After her death Henry VIII often referred to her as his favourite wife, and he was buried next to her.
6. The Grandmother of Europe - mourning - 64 years

Answer: Queen Victoria

Queen Victoria gave her name to an eventful period in English and European history, with the industrial revolution taking place during her reign leading to changes in science, industry, education and transport.

Queen Victoria married her cousin Albert in 1840, and they had nine children. One of her sons was later rumoured to be Jack the Ripper.

After Albert's death in 1861, Victoria retreated from public life for a number of years. Many monuments were built and named for Albert including the Royal Albert Hall and the Albert Memorial in Hyde Park.

Through her children and grandchildren, Victoria had links to most royal houses of Europe - three of her grandchildren were linked through WWI - Kaiser Wilhelm II of Germany, Tsar Nicolas II of Russia and George V of England.
7. Abdicated - Edward VIII - shortest reign

Answer: Duke of Windsor

Edward VIII was the shortest reigning King of the United Kingdom of Great Britain and Northern Ireland, holding the title for 326 days. There are only seven other Monarchs of England who have held the throne for less time than he - the last being Edward V (one of the Princes in the Tower.) Edward abdicated the throne after the Prime Minister of the day, Stanley Baldwin, indicated that neither Parliament nor the English people would accept Mrs Wallis Simpson as his wife. The Church of England, of which Edward was head, did not support divorce. Edward chose to abdicate.

His brother, George VI, granted him the title of Duke of Windsor, his first act as King, and allowed him to keep the title of His Royal Highness, an honour not extended to the Duke's wife. During the 1930s the Duke and Duchess attracted controversy by visiting Germany and meeting with Hitler.

The Duke and Duchess never returned to England to live, and the Duke died in their Paris home in 1972, ten days after a brief visit from his niece, Elizabeth II.
8. Wife to one King - mother to a second King - mother-in-law to a third

Answer: Elizabeth Woodville

Elizabeth Woodville was the first commoner since the Norman conquest to marry a King. Her marriage to Edward was controversial, as she came from minor nobility, and she was from a Lancastrian background. Edward had defeated Henry VI, the previous Lancastrian monarch in 1461, three years prior. This was not an astute political decision and Edward's supporters including Richard Neville, Earl of Warwick made this known.

Elizabeth and Edward went on to have ten children, seven of whom outlived him, these included his heir, Edward V, and Richard Duke of York. Their uncle, Richard III, was named regent as Edward V was 12 years old. He subsequently had Edward IV's marriage to Elizabeth declared invalid, naming himself as King. Edward V and his brother were last seen in the Tower of London in 1483, and are remembered as 'The Princes in the Tower'.

Elizabeth and Edward's oldest daughter, also named Elizabeth, married King Henry VII after he defeated her uncle, Richard III at the Battle of Bosworth Field.
9. Seven Years War - War of Independence - 'madness'

Answer: King George III

George III ascended to the throne at the age of 22 in 1760, at a time where France and England were vying for control of the continent of North America.
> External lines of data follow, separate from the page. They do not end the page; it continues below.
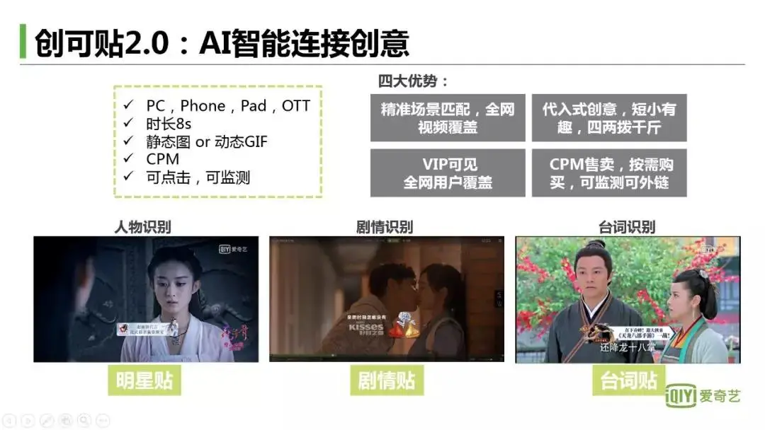 1.创可贴2.0是跟着指定的场景出现的广告,能实现精准的场景匹配,并且能覆盖到爱奇艺全网视频;
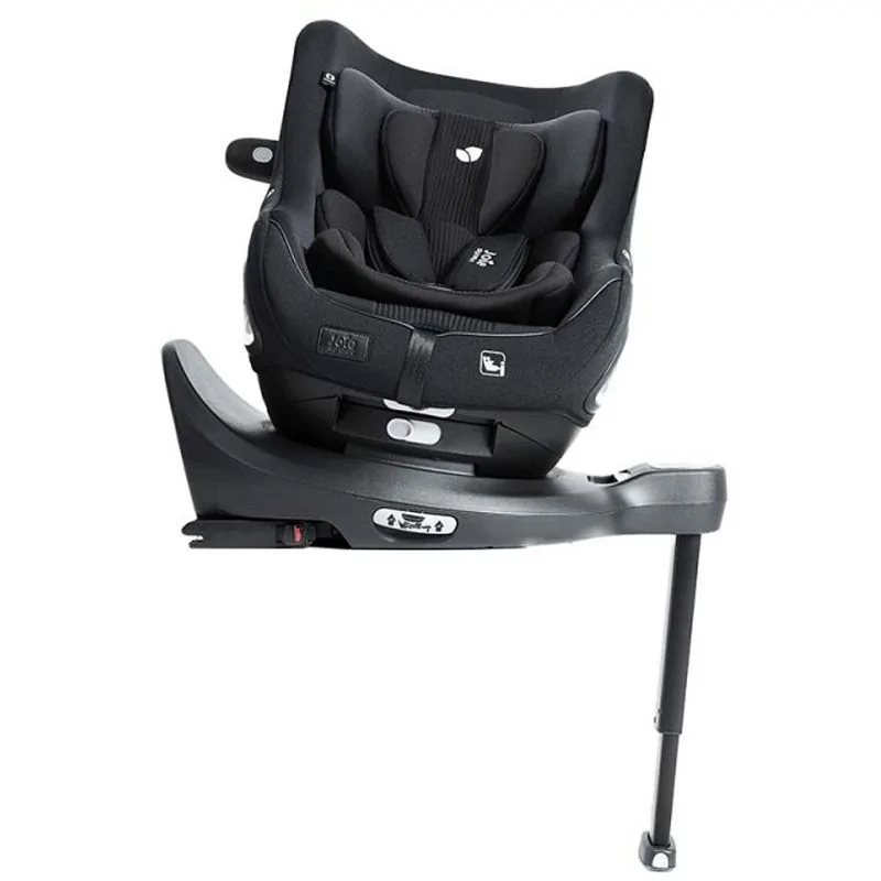 - Giratoria en 360º permitiendo girar la silla hacia la puerta del coche para colocar al niño o ajustar el arnés con facilidad, evitando tensiones en la espalda de los padres para facilitar las entradas y salidas, así como los cambios de orientación a contramarcha o a favor de la marcha.
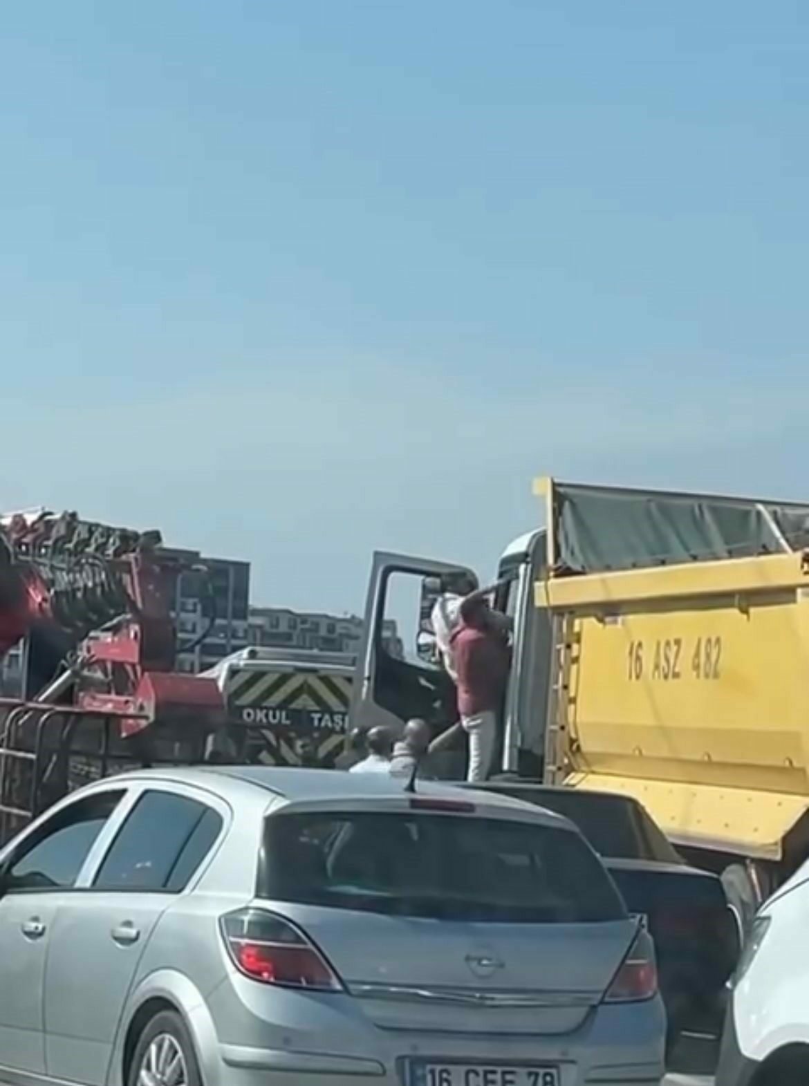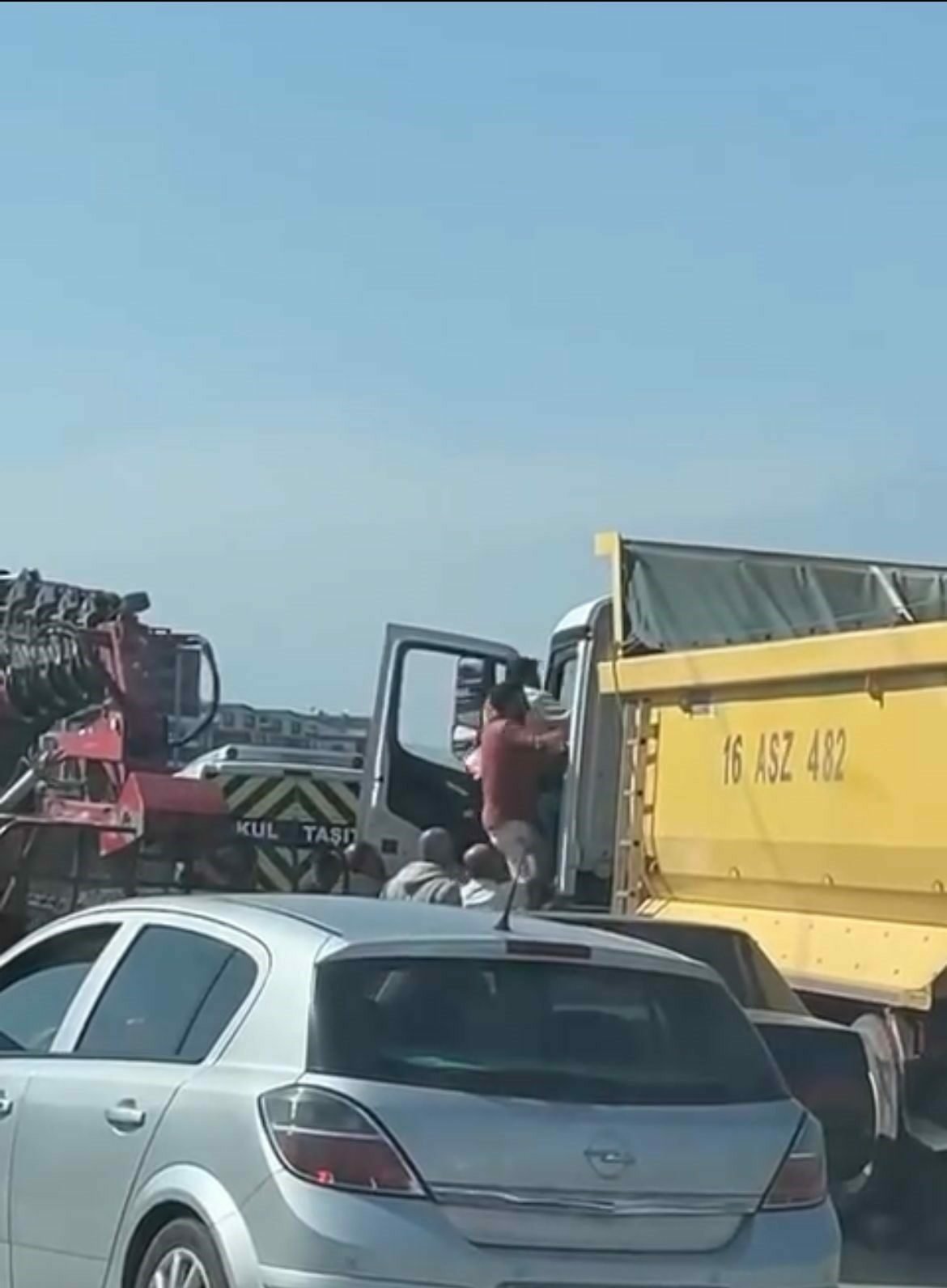 Olay, Yıldırım ilçesinin Millet Mahallesi’nde akşam trafiğinin yoğun olduğu bir saatte gerçekleşti. İddiaya göre, bir otomobilin sürücüsü ile anayolda ilerleyen kamyon şoförü yol verme noktasında tartışmaya başladı. Öfkelenen otomobil sürücüsü, yanındaki arkadaşıyla birlikte araçtan inerek kamyonun kupa kısmına tırmanarak şoförü darp etmeye başladı. Olayı gören bazı vatandaşlar, tarafları ayırmaya çalışırken, bazıları da duruma klaksonlarıyla tepki gösterdi. Kavga anı, amatör bir kamera tarafından kaydedildi.

The Seven Years War involved a number of nations and were a series of related conflicts spread across several continents. At the end of the Seven Years War, England had gained control of French possessions in the American colonies and established itself as a naval power.

The American colonies continued to feel aggrieved at the levies and taxes imposed on them by Great Britain, leading to the cry of 'no taxation without representation' and hostilities recommended in 1775. After several years of conflict an armistice was signed in 1781, and the Treaty of Paris in 1783, setting the boundaries of and acknowledging the United States as a free, sovereign and independent state.

George III's reign also saw the French Revolution and Napoleonic wars.

In 1788 he experienced signs of a mental illness, including signs of mania. Before a regency could be implemented, he recovered. He suffered a recurrence of this illness in 1810 which he attributed to the death of his favourite daughter. He agreed to the regency of his son, and withdrew from public life.
10. The Sailor King - served in American War of Independence - Lord High Admiral

Answer: William IV

William IV was not originally expected to be King. His father, George III had 12 children but no legitimate grandchildren (William had ten illegitimate children to his long-term mistress, Dorothy Jordan.) William was the third-oldest son and pursued a career in the Navy, serving in New York during the American War of Independence. He also served with Vice Admiral Horatio Nelson, attended his wedding and giving the bride away.

At the time he ascended the throne he was the oldest heir to do so at age 64. He recognised that his niece Victoria would be his heir, and publicly stated that his wish was to live long enough for Victoria to reach her majority so she would be able to reign without a regent - she was one month past her eighteenth birthday when she became Queen.